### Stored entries
↓

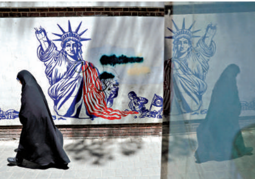
▲一名女子經過伊朗德黑蘭街頭的一幅反美塗鴉。

《時代》周刊文章認為，特朗普政府與伊朗談判能獲得的最終結果，無非是戰前原本暢通的霍爾木茲海峽重新開放，以及一項不會比2015年伊朗核協議更周密完備的核協議。美國《外交政策》雜誌直言，伊朗戰事或成為特朗普政府「最大的失敗」。
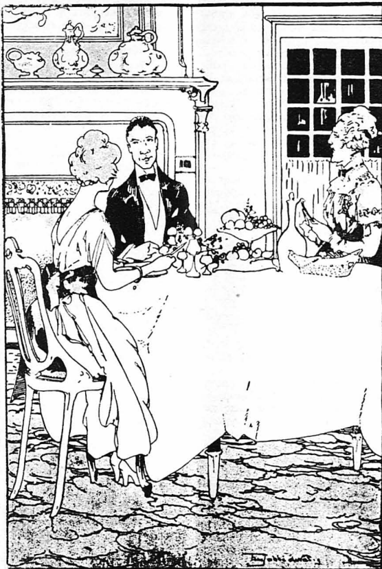
Ὁ Ροβέρτος στὸ τραπέζι ἔκανε διάφορες συστάσεις στὴν Ἀλική...
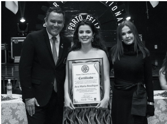
Ana Maria Boutique
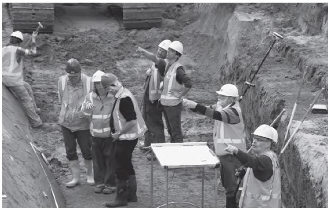
Onder grote belangstelling wordt de opbouw van de Oosterhoutsedijk onderzocht

In 2015 zijn diverse grote en kleinere projecten binnen de gemeente uitgevoerd. Daaronder was het laatste veldwerk in het kader van het jaren durende project ‘Ruimte voor de Waal’, het onderwerp van de studiedag van de Gelderse Archaeologische Stichting in 2016. In 2015 concentreerde het onderzoek zich onder andere op de geschiedenis van de dijken langs de Waal met een profiel door de oude Oosterhoutsedijk, voordat deze afgegraven werd.
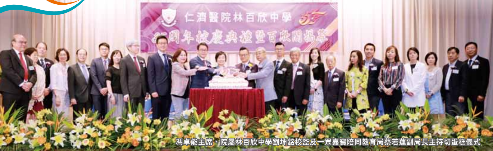
馮卓能主席、院屬林百欣中學劉坤銘校監及一眾嘉賓陪同教育局蔡若蓮副局長主持切蛋糕儀式
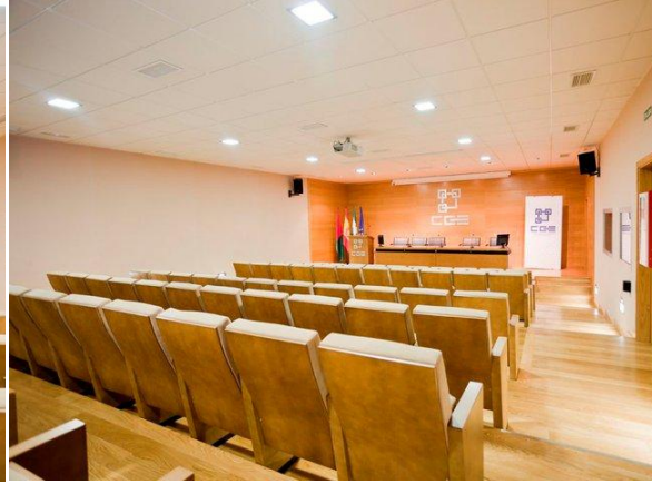
Fig. 6: Salón de actos

Sala de juntas: Capacidad para 27-34 personas. Dispone de dos televisores para la proyección de presentaciones. Espacio privado para reuniones.
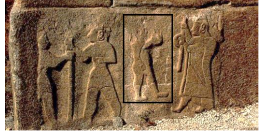
Resim 1: Çıplak Erkek Figürü-I. Alaca Höyük. Sfenksli Kapı batı kulesinin birinci sırası (Darga, 1992:137).

Höyük'teki 20 duvar kabartmalarında görülmektedir (Baltacıoğlu, 2006: 27; Çınaroğlu ve Çelik: 2013: 198). Alaca Höyük'te Sfenksli Kapı batı kulelerinin şehir dışına bakan tarafında yer alan ve taşıyıcı işlevi bulunan bloklara işlenmiş Orta Hitit Çağı'na ait (Schachner, 2012: 139) duvar kabartmalarından iki blok konumuz itibarıyla dikkat çekmektedir. Çıplak birer figür barındıran iki kabartma karşılıklı olarak yer almaktadır. Bunlardan ilkinde (Resim 1) figür sağa doğru yürür pozisyonda kolları dirsekten hafif bükük, sağ eli vücuda birleşik ve yumruk şeklinde, sol eli yumruk şeklinde ve çene hizasında, olasılıkla dua ederken betimlenmiştir. Bu sahnedeki figürler yan yana yer alan iki farklı sahne içerisinde betimlenmektedir. İki figürün de duruşu ve buldukları sahne içerisinde betimlenme özellikleri birbirinden farklıdır. İlk figür, sap delikli balta taşıyan figür ile karşılıklı durmakta ve sol eliyle cinsel organını örtmektedir.
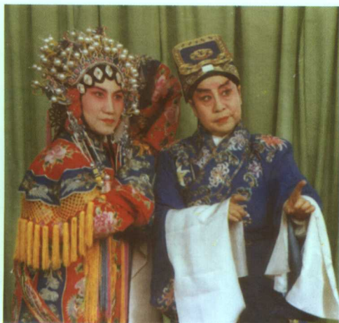
著名晋剧表演艺术家牛桂英(左, 现年78岁)、郭凤英(现年82岁)在《二度梅》中饰演梅良玉、陈杏元
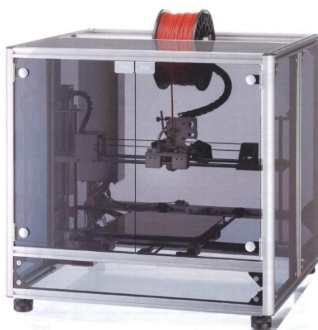
「Value 3D MagiX MF-1100」外観(パネルカラーが「ブラック」になります)

MUTOHホールディングス傘下で、設計・製図機器や CAD ソリューション事業を展開している株式会社ムトーエンジニアリング(本社:世田谷区、社長:阿部要一、以下:ムトーエンジニアリング)は、自社で製造・開発したパーソナル3Dプリンタ「Value 3D MagiX (バリュー スリーディ マジック) シリーズ」に、新たに開発した自社製新ヘッドを搭載した「MF-1100」ならびに簡易3Dソフトをバンドル(同梱)した「MF-1150」を新たにラインアップし、2015年1月19日(月)より販売を開始いたします。
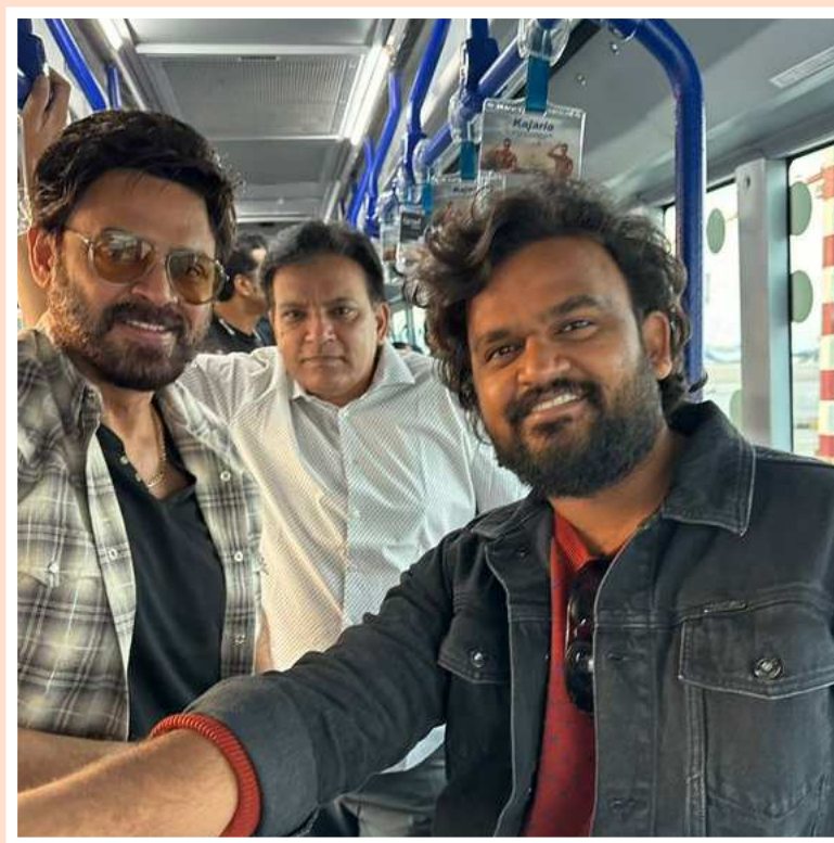
సంక్రాంతి కానుకగా తెలుగు, తమిళం, మలయాళం, కన్నడ, హిందీ భాషల్లో ప్రపంచవ్యాప్తంగా గ్రాండ్ గా విడుదల కానుంది. ఈ నేపథ్యంలో ప్రమోషన్ లో ఈవెంట్ తో బిజీగా ఉంది వెంకీ టీం. చంద్రప్రస్థ ఫిక్షన్ ల్

కలియగ పాండవులు సినీమాతో దగ్గుబాటి ఫ్యామిలీ నుంచి హీరోగా సిల్వర్ స్క్రీన్ పై మెరిశాడు వెంకటేశ్. కామెడీ, ఫ్యామిలీ, యాక్షన్.. ఇలా అన్ని ఎలిమెంట్స్ కూడిన సినీమాలో విస్తారాన్ని అందించడం వెంకీ స్పెషాలిటీ. తన యాక్టింగ్ తో కోట్లాదిమంది అభిమానులను సంపాదించుకున్న వెంకటేశ్ ప్రస్తుతం వెంకీ 75 సినీమాతో బిజీగా ఉన్నాడని తెలిసింది. తాజాగా వెంకీ మామ సినీమాటిక్ జర్నీ సెలబ్రేషన్ ఈవెంట్ నిర్వహించారు. ఈవెంట్ కు మెగాస్టార్ చిరంజీవి ముఖ్యఅతిథిగా హాజరయ్యారు. ఈ సందర్భంగా వెంకీ మామల మాటలు అందరిలో జోష్ నింపాయి. చిరంజీవి ఇక్కడ లేకుంటే నేను సినీమాలు నుంచి తప్పుకొని ఇప్పటికే హిమాలయాలు వెళ్లేవాడినంటూ చెప్పుకొచ్చాడు వెంకటేశ్. చిరంజీవి సుమార్ 9 ఏండ్ల సుదీర్ఘ విరామం తర్వాత ఖైదీ నం 150 సినీమాతో భాక్ బస్టర్ పొట్టు కొట్టడం చూసి.. నా అభిమానులకు వినోదాన్ని వంచడం కొనసాగించాలని ఫిక్స్ అయ్యా. అప్పుడే ఖచ్చితంగా యాక్టింగ్ కొనసాగించాలని అనుకున్నా. యాక్టింగ్ ఇక ఆపను అంటూ వెంకీ మామ నుంచి ఆసక్తికర కామెంట్స్ వచ్చేసరికి ఆడిటోరియం అంతా అరుపులు, విజిల్స్, ప్రశంసలతో హోరెత్తిపోయింది. వెంకటేశ్ కాంపౌండ్ నుంచి యాక్షన్ ఫ్రెడ్లర్ జోనర్ లో వస్తోన్న సైంధవ్ చిత్రానికి హిట్ ఫేం శైలేష్ కాలను దర్శకత్వం వహిస్తున్నారు. సైంధవ్ జనవరి 13న

↑

### Problem statement
Up to and including the line containing "Resim 1: Çıplak", quote each line of the entries above from the very first, please, exactly and without images.

### Completed task
▲一名女子經過伊朗德黑蘭街頭的一幅反美塗鴉。

《時代》周刊文章認為，特朗普政府與伊朗談判能獲得的最終結果，無非是戰前原本暢通的霍爾木茲海峽重新開放，以及一項不會比2015年伊朗核協議更周密完備的核協議。美國《外交政策》雜誌直言，伊朗戰事或成為特朗普政府「最大的失敗」。
Ὁ Ροβέρτος στὸ τραπέζι ἔκανε διάφορες συστάσεις στὴν Ἀλική...
Ana Maria Boutique
Onder grote belangstelling wordt de opbouw van de Oosterhoutsedijk onderzocht

In 2015 zijn diverse grote en kleinere projecten binnen de gemeente uitgevoerd. Daaronder was het laatste veldwerk in het kader van het jaren durende project ‘Ruimte voor de Waal’, het onderwerp van de studiedag van de Gelderse Archaeologische Stichting in 2016. In 2015 concentreerde het onderzoek zich onder andere op de geschiedenis van de dijken langs de Waal met een profiel door de oude Oosterhoutsedijk, voordat deze afgegraven werd.
馮卓能主席、院屬林百欣中學劉坤銘校監及一眾嘉賓陪同教育局蔡若蓮副局長主持切蛋糕儀式
Fig. 6: Salón de actos

Sala de juntas: Capacidad para 27-34 personas. Dispone de dos televisores para la proyección de presentaciones. Espacio privado para reuniones.
Resim 1: Çıplak Erkek Figürü-I. Alaca Höyük. Sfenksli Kapı batı kulesinin birinci sırası (Darga, 1992:137).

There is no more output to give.